Congress Gets A Lot Right When Forcing the Pentagon to ‘Buy Things It Doesn’t Need’

The United States Constitution grants more separate powers to the Congress in order to provide for the common defense than any other purpose—six of the 17 in Article One, Section Eight. This makes sense since the responsibility of protecting Americans is mandatory and not permissive like so many other powers handed down by the Founders.

This is one reason why Congress alone can declare war and provide appropriations of funds for the US military. Many are familiar with Congress’ immense duty of cutting the checks to raise armies and maintain navies.

More often overlooked is Congress’ job to establish the rules and regulations for the operation of American military forces. The scope of power granted to Congress to “prescribe the rules for the governance of the military is broad and subject to great deference by the Judiciary.” 

Indeed, the Supreme Court notes that “Congress is permitted to legislate both with greater breadth and with greater flexibility when prescribing the rules by which [military society] shall be governed than it is when prescribing rules for [civilian society].”

This is one reason why Congress has two committees of jurisdiction covering the Defense Department—one to cut the checks and another to conduct oversight, including of issues ranging from determining compensation, endstrength totals, promotion of officers, mobilization of civil society, and even age of qualifying service.

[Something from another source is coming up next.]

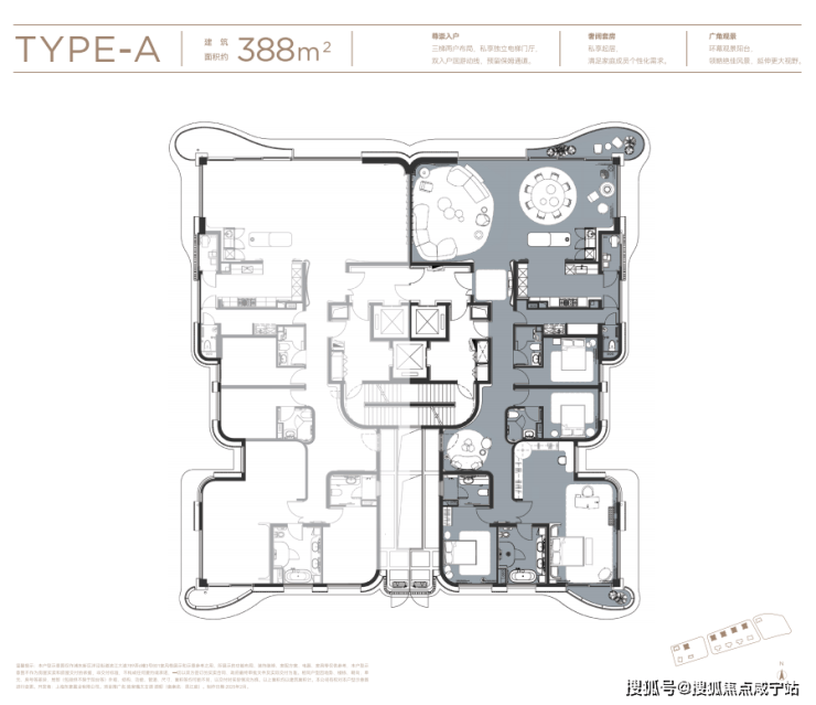 首先,三梯两户布局,私享独立电梯门厅;双入户洄游动线,预留保姆通道,顶豪该有的尊崇感被诠释得淋漓尽致。

It is against this backdrop that the Pentagon political leadership’s continued pushback against providing Capitol Hill the military’s so-called “unfunded priorities” as part of annual defense budget requests is even more egregious. Characterizing the process as “ineffective,” a Pentagon spokesman said that having multiple individuals submit ideas for additional funds should cease.

The primary rationale by political leaders of the Defense Department is that they weigh the “costs and benefits” of “top joint priorities” across the enterprise within the entire president’s budget and make “difficult, but responsible” tradeoffs and choices. In a letter to Congress, the Pentagon comptroller noted that the Secretary of Defense does not want the legislative branch to fund items off the wish lists particularly if they come at the expense of higher priorities within the White House’s request.

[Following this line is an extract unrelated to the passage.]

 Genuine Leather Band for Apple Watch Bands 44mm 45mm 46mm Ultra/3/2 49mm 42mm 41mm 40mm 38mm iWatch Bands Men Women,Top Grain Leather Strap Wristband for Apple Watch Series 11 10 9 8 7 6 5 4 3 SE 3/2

This assumes there are no errors or mistakes within the president’s budget request and therefore no corrections are necessary.

But Congress gets the last word. The ultimate choices to move money around, reduce funds, or add additional defense dollars—should elected officials decide to make them available to the armed forces—rest with Capitol Hill.

Thank goodness!

Recent history is littered with examples of Pentagon leaders rejecting direction or money for something forced upon them by Congress that was not only right but important. Examples include:

  • passing the Goldwater-Nichols Reorganization Act;
  • establishment of Special Operations Command;
  • forcing the Air Force to keep buying the F-117;
  • prohibition against retiring B-52s;
  • continuation of the V-22 program;
  • purchasing of small satellites;
  • demanding an alternate space launch provider beyond prime contractors;
  • buying the Predator drone (initially a Congressional earmark, no less);
  • creation of an independent US Space Force;
  • upgrades to the Abrams tank;
  • advancing the Tomahawk cruise missile (a “weapon of choice”);
  • forcing the Pentagon to adopt commercial data analytics as part of its SOP; and,
  • building a nuclear armed sea-launched cruise missile (SLCM-N).

Regardless of party, commanders-in-chief often wind up touting the very capabilities Congress saved over the objections of the Defense Department political appointees once hostilities start. Turns out that commanders like more options, not fewer, when confronted with problems or crises.

The bottom line is that Congress also regularly weighs “costs and benefits” of “top joint priorities,” in addition to Pentagon leaders. While the leg branch hasn’t always picked its fights wisely, far more often than not, Congress is an ally in helping the Pentagon not commit “acquisition infanticide.”

Pentagon leaders should treat Capitol Hill as an ally and partner; not just the resident ATM. Precisely because these are taxpayer funds, elected officials should get the final say in how the money is allocated—including the extremely reasonable request from commands and offices for ideas where to invest should members of Congress decide to make changes.